Boston’s dining scene has exploded in recent years, and the design — not just the food — of its newest and trending places continues to test creative limits. Here we look at one design that pays homage to Boston’s supper club past while still being thoroughly modern and another that perfects the aesthetic of a modern sushi bar.
Yvonne’s
A modern interpretation of the supper club, Yvonne’s opened in September 2015 in Downtown Crossing, and occupies the former space of Locke-Ober, a small cellar café that opened in 1862 and was a mainstay in Boston’s dining scene for more than a century. In renovating the space, co-owners Chris Jamison and Mark Malatesta sought to recreate the former tenant’s reputation for international food and wild parties, where dining, lounging and revelry effortlessly blended. Guests enter through a “secret entrance” at the back of a blow-dry bar to the 90-seat dining area outfitted with gray tufted sofas, white tables, decorative wallpaper and chandeliers. A painting pays homage to Locke-Ober portrait of Mademoiselle Yvonne — one of many nods to the landmark. Many of the 150-year-old architectural and design features were maintained, including the restaurant’s original raw brick and Santo Domingo mahogany bar, hand-carved on-site by French woodworkers in 1886 and now topped with white Calacatta marble.

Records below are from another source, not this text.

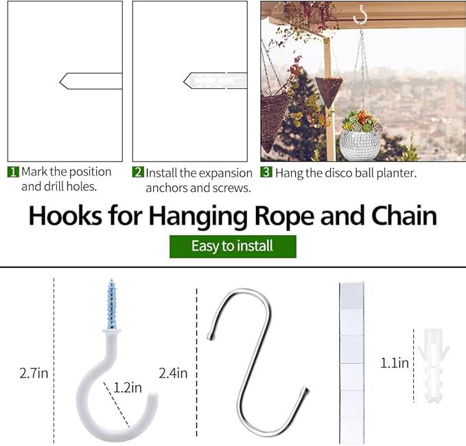 - Complete Set with Extra Mirror Pieces: Includes 1 silver 4-inch disco ball planter, 1 hanging rope, 1 hanging chain, 1 circle, 1 S-hook, 1 expansion anchor, 1 screw hook, and 6 extra mirror pieces for decorating.
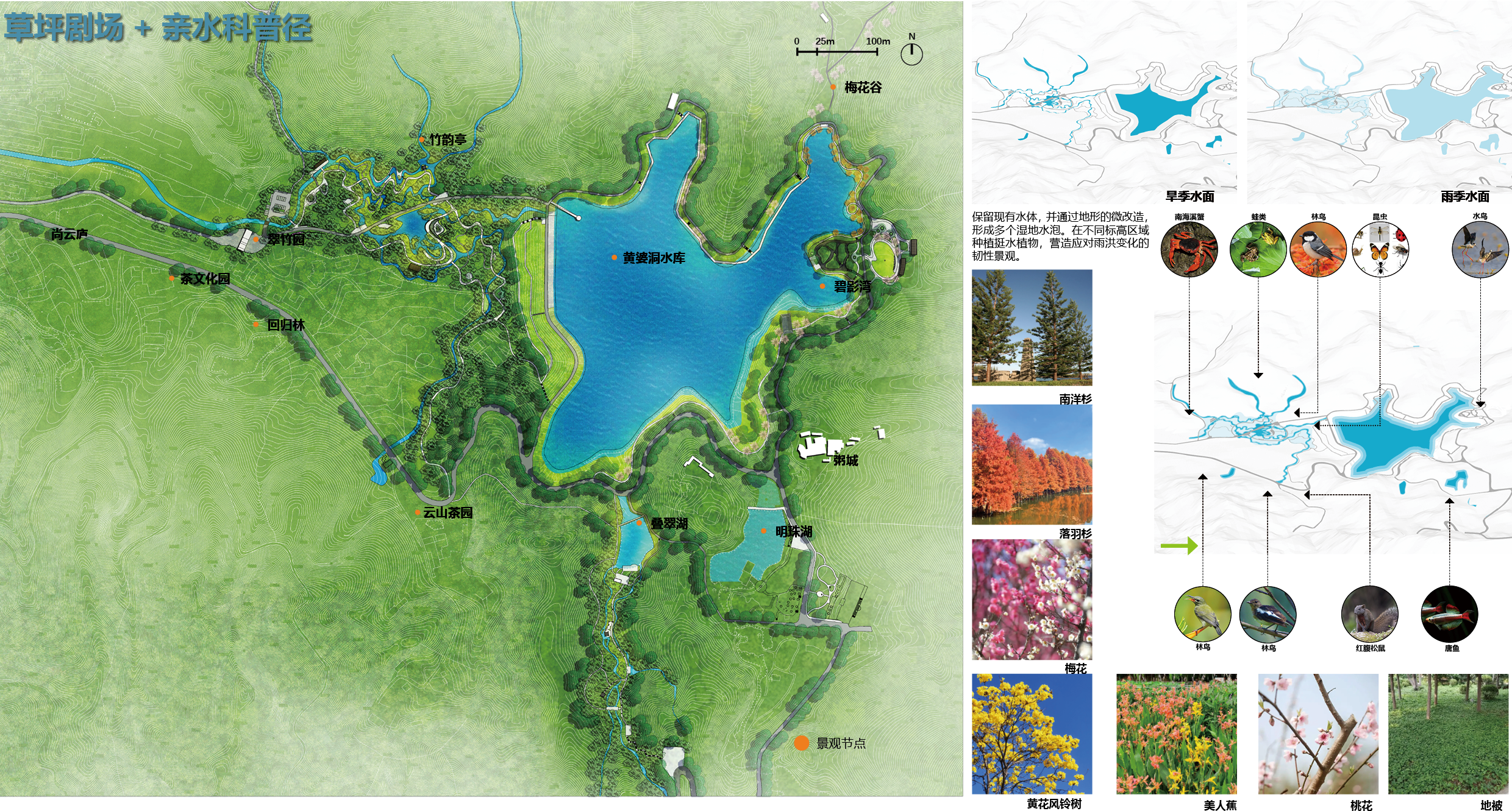 设计分析现场水文信息,保留现有水体,并通过地形的微改造,形成多个湿地水泡。在不同标高区域种植挺水植物,营造应对雨洪变化的韧性景观。
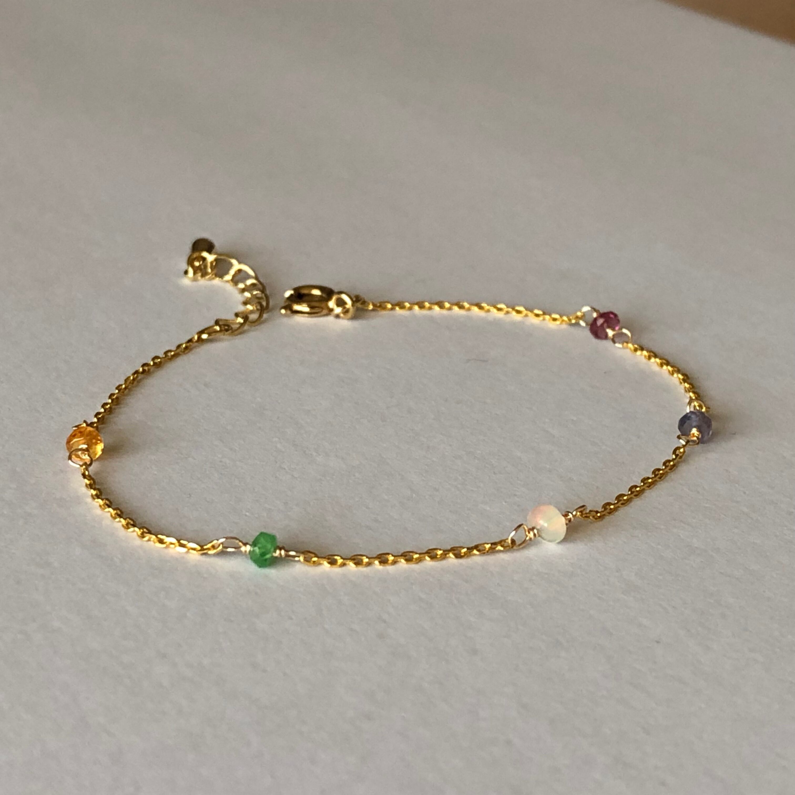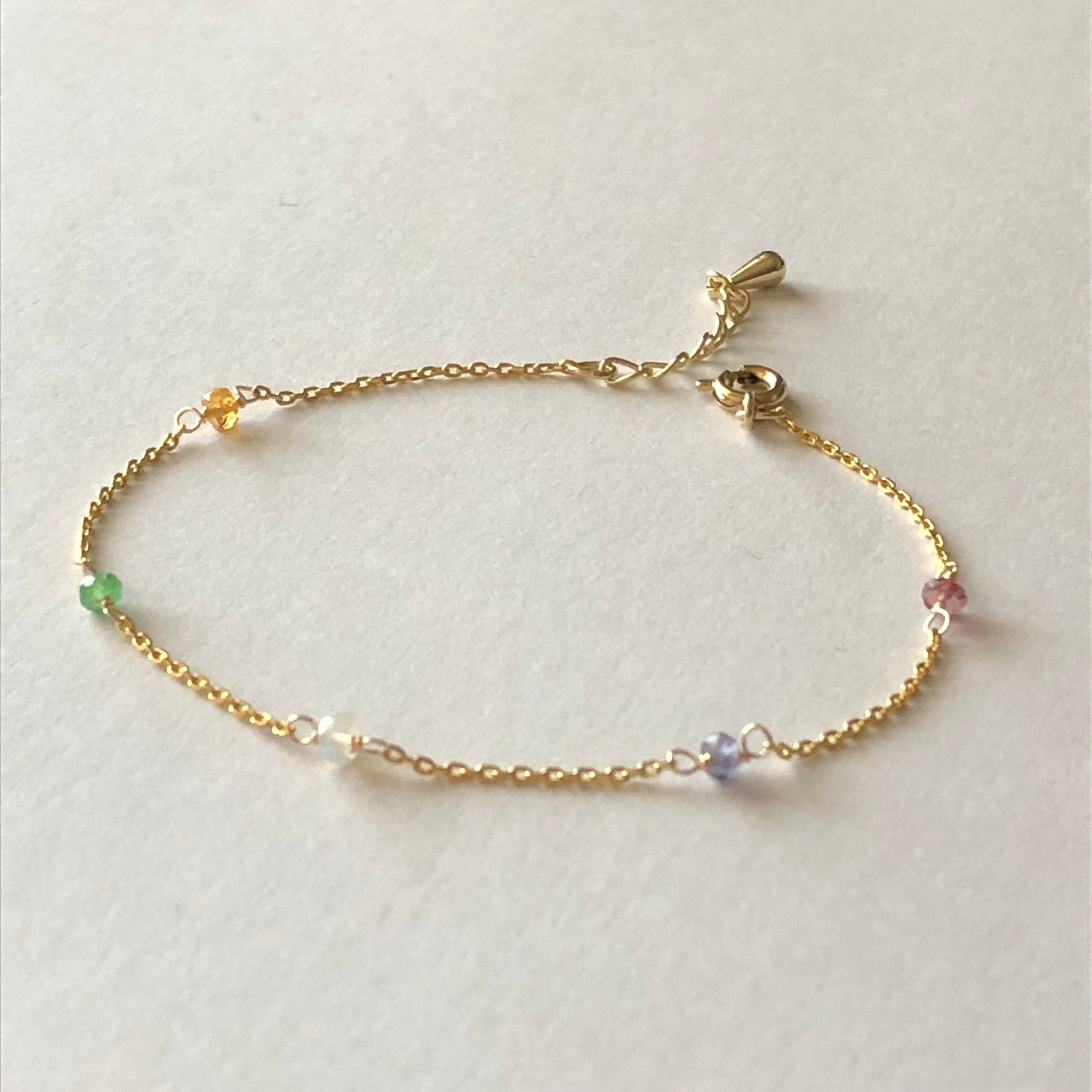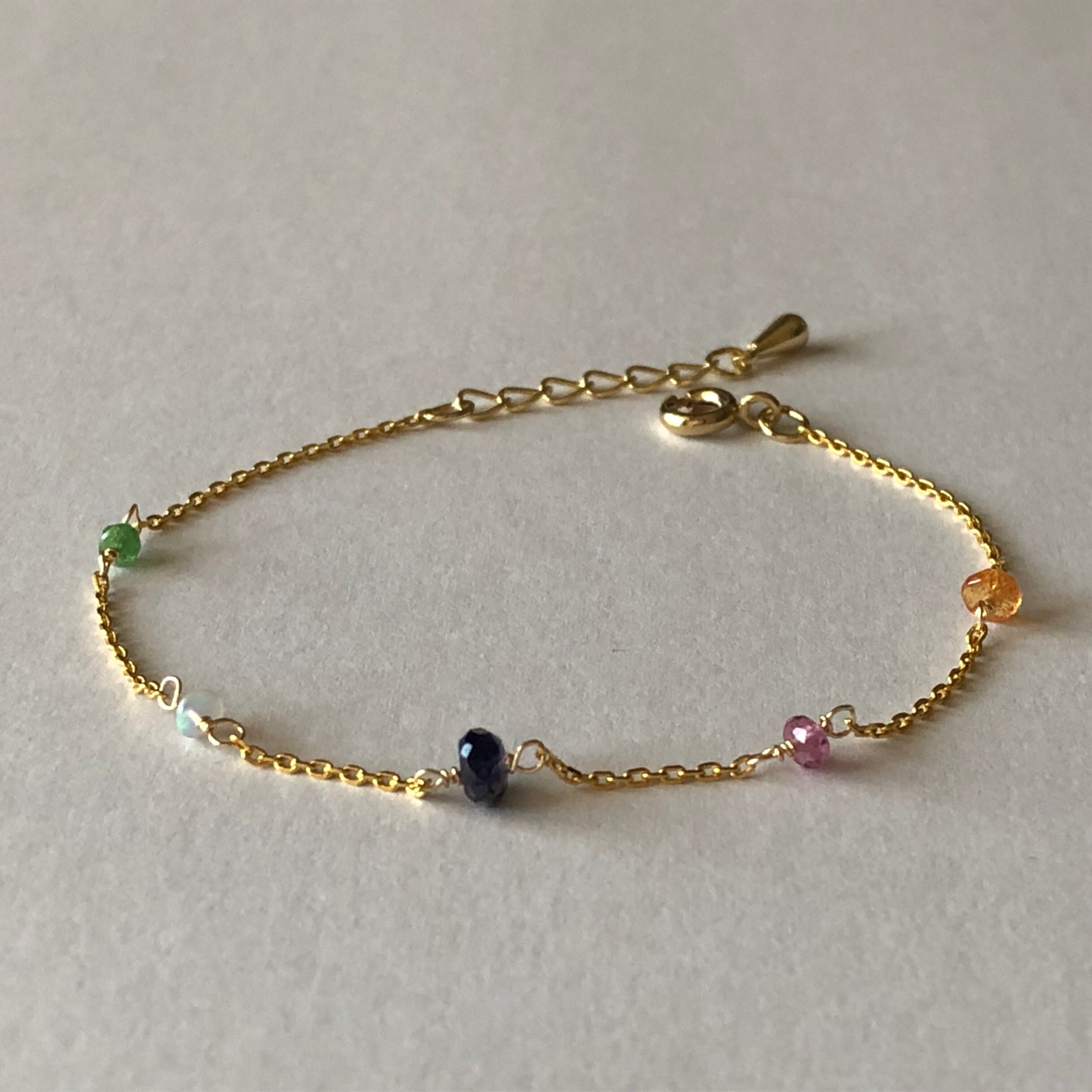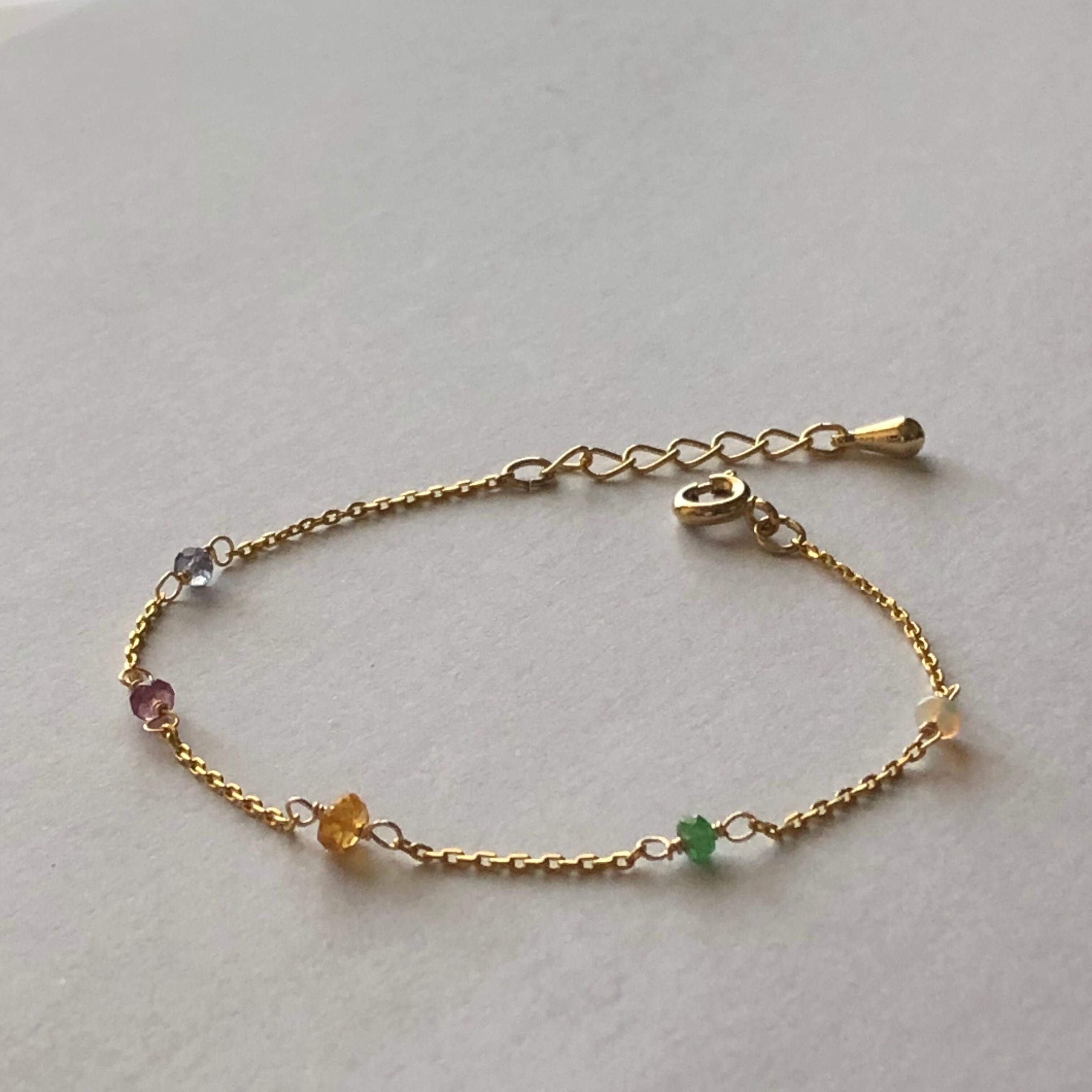 5種類のストーンを散りばめたステーションタイプのブレスレットです。

Adjacent to the dining room, the lounge replicates Locke-Ober’s unvarnished brick walls and tin ceiling. Couches and coffee tables offer an informal dining and drinking space decorated with mixed media from Amsterdam.
Yvonne’s intimate seating areas continue in the 32-seat Library Bar, which serves classic cocktails. Bookshelves surround communal and private tables, and the space features a mahogany bar, comfy couch seating, herringbone wood floors, Locke-Ober’s original gilded fireplace and portraits of famous historical figures. A lower level has private space that can be rented out for parties of up to 100.
UNI
This highly acclaimed, inventive Japanese and sushi mainstay opened inside the iconic Clio lounge at the Eliot Hotel on Commonwealth and Massachusetts Avenue in 2002. Executive Chef and Owner Ken Oringer opted to close Clio at the end of 2015 and, with Executive Chef and new Partner Tony Messina, the space underwent a major redesign, and UNI took over the former Clio space, bringing with it influences from the streets of Tokyo, Shanghai, Singapore, Bangkok and Bangladesh.

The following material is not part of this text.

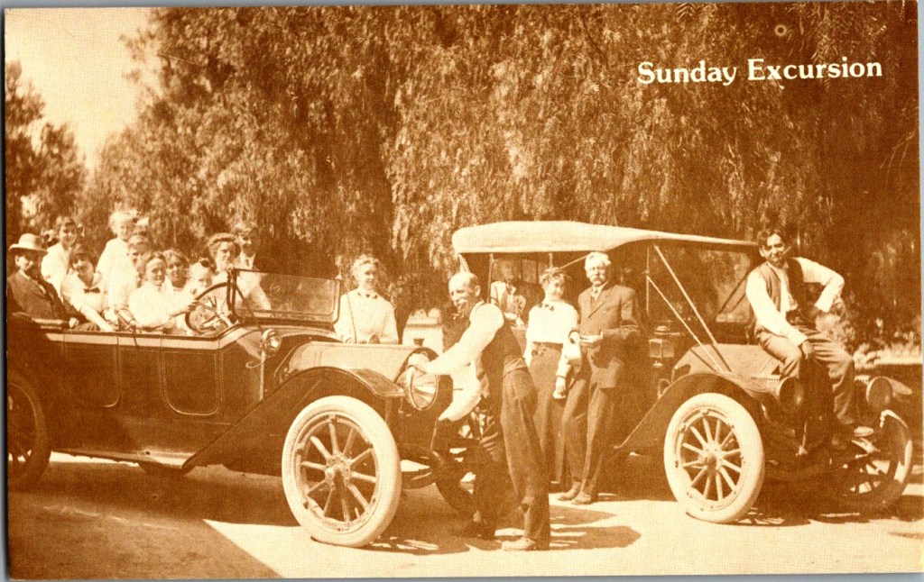 The card from John Horsman’s Chevron station showed a 1908 Benz. Drew Ford in La Mesa sent another with a 1911 Coey Flyer. On the back: a service reminder. Your oil is due. Come in soon.
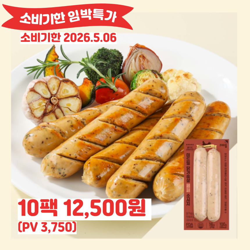 소비기한 임박 특가 스테비아 닭가슴살 페퍼 소시지 10팩

Designed by Peter Niemetz, who was also the original designer of Clio, UNI feels clean and modern with dark rustic wood and playful pops of color woven throughout for an upbeat, casual experience. In the 80-seat dining room, hardwood floors and natural materials contrast with tattoo-inspired art and the pulsing energy of the restaurant’s three bars: one for drinks, the other two for sushi and sashimi.
At the bar, guests can order classic cocktails, tiki-style concoctions and draft pours of sake. The sashimi bar offers guests a front-row view of the action while the sushi bar installed at the opposite end of the restaurant allows guests to partake in creative maki and nigiri, made with fresh seafood sourced from both local fisherman and Tokyo’s famed Tsukiji market. Photography by Hien Nguyen
Branch Line
This Watertown restaurant, which opened in October 2015, is the first partnership between Andrew Holden and Garrett Harker, Massachusetts Restaurant Association’s 2016 Restaurateur of the Year. Designed by architect David McMahon, the restaurant occupies space in the former Watertown Arsenal, once a weaponry depot and small-arms factory predating the Civil War by nearly 50 years. Constructed in 1816 by Alexander Parris, who would later design Quincy Market, the Arsenal has been a landmark in the Boston neighborhood for nearly two centuries. Fully converted to caviling use in 1995, the Arsenal is now a mixed-use development listed on the National Register of Historic Places, ensuring that key structural elements of the buildings and facades stay untouched. In keeping with the Federal style of architecture present throughout the Arsenal, Branch Line sports high steel-beamed ceilings and a red brick facade that speaks to its military heritage. Floor-to-ceiling windows bring natural light into the space. The 50-seat dining room features oak wood floors, painted brick walls, and traditional and bench-style seating repurposed from pews found at an old church in Warwick. An open kitchen showcases a rotisserie oven for slow-roasted meats as well as a wood-fired grill resembling an antique fire pit for cooking oysters and steaks.
A 14-seat oiled-steel bar with a blackened bar top and unmarked, white marble beer taps glistens under industrial light fixtures, flanked by an outdoor keg room leading up to Branch Line’s front entrance. Outside, a year-round terrace, with 65 seats at the height of the season, is partially covered by steel beams and siding. A bocce court and perennial garden allow guests to partake in games or walk the grounds.